----- Material for this exercise -----

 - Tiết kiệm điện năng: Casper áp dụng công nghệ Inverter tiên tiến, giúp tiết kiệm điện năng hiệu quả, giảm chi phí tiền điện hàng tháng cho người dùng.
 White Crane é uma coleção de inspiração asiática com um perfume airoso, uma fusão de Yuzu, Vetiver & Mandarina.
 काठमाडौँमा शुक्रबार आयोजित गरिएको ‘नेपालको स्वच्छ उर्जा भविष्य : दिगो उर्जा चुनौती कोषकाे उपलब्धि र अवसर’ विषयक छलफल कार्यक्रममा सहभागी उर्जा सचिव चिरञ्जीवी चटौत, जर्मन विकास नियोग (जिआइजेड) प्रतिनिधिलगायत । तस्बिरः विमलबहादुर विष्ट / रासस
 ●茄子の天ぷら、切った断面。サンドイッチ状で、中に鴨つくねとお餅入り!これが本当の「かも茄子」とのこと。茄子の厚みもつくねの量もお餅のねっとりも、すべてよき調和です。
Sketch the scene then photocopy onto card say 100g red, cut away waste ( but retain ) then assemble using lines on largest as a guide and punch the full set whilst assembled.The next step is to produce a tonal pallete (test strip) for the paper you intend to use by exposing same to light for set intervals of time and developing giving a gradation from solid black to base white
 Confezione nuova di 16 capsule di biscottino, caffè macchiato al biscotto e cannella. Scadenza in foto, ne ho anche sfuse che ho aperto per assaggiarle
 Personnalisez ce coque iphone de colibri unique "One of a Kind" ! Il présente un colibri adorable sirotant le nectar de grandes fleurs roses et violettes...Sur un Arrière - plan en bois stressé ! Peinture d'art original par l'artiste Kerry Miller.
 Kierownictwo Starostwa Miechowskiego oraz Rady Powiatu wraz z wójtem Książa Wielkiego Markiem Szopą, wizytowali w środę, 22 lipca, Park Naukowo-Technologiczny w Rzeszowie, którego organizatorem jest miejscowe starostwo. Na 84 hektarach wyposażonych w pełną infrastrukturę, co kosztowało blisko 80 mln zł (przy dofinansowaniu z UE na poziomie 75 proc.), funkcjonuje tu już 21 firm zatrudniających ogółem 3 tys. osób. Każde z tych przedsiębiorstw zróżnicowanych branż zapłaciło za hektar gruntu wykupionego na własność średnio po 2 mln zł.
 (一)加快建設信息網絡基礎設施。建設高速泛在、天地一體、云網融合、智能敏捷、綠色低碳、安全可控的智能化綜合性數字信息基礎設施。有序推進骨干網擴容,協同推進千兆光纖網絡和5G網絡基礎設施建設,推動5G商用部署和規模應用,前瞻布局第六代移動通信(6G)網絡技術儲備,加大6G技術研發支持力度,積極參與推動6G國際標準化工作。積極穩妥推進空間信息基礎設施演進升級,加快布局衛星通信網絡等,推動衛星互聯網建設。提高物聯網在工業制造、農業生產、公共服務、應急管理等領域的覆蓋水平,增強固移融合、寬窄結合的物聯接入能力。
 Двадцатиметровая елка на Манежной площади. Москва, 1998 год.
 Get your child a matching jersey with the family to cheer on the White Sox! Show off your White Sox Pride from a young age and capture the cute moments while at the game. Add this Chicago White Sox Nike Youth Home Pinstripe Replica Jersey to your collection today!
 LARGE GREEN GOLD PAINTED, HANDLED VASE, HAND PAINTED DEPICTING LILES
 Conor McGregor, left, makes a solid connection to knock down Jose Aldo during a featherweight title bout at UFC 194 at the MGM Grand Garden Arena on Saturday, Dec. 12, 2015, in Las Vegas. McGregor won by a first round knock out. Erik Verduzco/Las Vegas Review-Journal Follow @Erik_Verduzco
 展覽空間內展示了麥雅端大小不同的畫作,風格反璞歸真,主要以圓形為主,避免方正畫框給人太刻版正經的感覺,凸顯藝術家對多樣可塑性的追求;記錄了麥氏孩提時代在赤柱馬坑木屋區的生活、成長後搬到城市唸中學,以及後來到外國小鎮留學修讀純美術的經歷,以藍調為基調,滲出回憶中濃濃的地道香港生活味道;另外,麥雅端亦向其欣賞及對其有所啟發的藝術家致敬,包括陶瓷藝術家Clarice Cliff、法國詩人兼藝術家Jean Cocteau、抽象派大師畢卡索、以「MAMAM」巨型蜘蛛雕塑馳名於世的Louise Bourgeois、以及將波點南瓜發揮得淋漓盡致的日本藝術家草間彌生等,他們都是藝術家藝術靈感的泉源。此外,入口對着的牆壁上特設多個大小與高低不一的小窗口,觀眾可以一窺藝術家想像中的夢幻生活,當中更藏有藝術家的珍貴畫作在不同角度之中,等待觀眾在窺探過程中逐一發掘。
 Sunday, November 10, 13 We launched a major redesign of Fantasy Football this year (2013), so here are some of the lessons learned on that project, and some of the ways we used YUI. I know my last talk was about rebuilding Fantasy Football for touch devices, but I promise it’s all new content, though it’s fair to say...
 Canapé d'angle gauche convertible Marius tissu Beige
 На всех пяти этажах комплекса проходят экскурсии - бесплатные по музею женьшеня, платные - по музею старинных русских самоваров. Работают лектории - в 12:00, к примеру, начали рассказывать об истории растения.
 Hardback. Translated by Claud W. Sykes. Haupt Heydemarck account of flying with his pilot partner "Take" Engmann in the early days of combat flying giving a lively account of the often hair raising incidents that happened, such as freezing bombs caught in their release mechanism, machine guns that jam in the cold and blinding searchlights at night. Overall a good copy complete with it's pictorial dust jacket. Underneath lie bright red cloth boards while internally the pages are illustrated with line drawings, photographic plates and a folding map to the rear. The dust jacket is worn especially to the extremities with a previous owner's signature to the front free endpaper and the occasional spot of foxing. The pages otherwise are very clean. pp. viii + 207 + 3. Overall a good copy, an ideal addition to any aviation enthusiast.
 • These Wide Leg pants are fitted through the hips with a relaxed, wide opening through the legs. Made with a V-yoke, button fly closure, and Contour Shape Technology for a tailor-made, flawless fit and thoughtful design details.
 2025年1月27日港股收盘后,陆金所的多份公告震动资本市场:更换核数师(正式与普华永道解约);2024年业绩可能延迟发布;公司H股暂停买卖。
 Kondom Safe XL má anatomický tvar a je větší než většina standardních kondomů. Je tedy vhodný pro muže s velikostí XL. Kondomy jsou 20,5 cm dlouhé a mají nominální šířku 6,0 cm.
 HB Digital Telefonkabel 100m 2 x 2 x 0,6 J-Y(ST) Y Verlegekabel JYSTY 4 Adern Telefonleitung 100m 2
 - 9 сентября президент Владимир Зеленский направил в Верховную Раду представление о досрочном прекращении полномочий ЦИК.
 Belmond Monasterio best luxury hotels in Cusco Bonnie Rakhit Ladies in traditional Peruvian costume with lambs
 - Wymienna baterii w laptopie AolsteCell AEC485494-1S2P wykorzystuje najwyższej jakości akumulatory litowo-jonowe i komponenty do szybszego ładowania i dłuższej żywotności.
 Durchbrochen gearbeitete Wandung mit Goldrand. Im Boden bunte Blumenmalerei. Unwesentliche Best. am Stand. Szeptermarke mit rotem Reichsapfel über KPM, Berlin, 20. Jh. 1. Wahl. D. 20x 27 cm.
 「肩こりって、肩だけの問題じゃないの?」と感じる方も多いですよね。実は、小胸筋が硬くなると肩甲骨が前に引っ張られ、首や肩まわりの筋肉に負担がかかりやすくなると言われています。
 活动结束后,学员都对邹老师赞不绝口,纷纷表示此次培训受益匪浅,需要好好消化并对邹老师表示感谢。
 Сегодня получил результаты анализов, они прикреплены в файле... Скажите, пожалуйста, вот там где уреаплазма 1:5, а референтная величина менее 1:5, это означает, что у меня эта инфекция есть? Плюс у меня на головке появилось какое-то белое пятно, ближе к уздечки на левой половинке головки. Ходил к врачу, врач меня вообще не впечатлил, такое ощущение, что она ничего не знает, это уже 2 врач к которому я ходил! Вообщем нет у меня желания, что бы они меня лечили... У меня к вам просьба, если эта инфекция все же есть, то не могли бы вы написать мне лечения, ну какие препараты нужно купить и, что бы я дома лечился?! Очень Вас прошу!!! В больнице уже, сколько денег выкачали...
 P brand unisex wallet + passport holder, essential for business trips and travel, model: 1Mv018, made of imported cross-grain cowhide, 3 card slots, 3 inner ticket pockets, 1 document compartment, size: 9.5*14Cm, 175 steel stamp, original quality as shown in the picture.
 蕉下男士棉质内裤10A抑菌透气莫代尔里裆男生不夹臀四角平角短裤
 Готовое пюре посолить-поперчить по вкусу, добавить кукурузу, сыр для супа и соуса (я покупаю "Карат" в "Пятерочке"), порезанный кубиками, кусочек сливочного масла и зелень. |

-----

→ Brief
Once you have found every line above holding the word "with", copy those lines.

→ Response to the task
 Get your child a matching jersey with the family to cheer on the White Sox! Show off your White Sox Pride from a young age and capture the cute moments while at the game. Add this Chicago White Sox Nike Youth Home Pinstripe Replica Jersey to your collection today!
 Hardback. Translated by Claud W. Sykes. Haupt Heydemarck account of flying with his pilot partner "Take" Engmann in the early days of combat flying giving a lively account of the often hair raising incidents that happened, such as freezing bombs caught in their release mechanism, machine guns that jam in the cold and blinding searchlights at night. Overall a good copy complete with it's pictorial dust jacket. Underneath lie bright red cloth boards while internally the pages are illustrated with line drawings, photographic plates and a folding map to the rear. The dust jacket is worn especially to the extremities with a previous owner's signature to the front free endpaper and the occasional spot of foxing. The pages otherwise are very clean. pp. viii + 207 + 3. Overall a good copy, an ideal addition to any aviation enthusiast.
 • These Wide Leg pants are fitted through the hips with a relaxed, wide opening through the legs. Made with a V-yoke, button fly closure, and Contour Shape Technology for a tailor-made, flawless fit and thoughtful design details.
 Belmond Monasterio best luxury hotels in Cusco Bonnie Rakhit Ladies in traditional Peruvian costume with lambs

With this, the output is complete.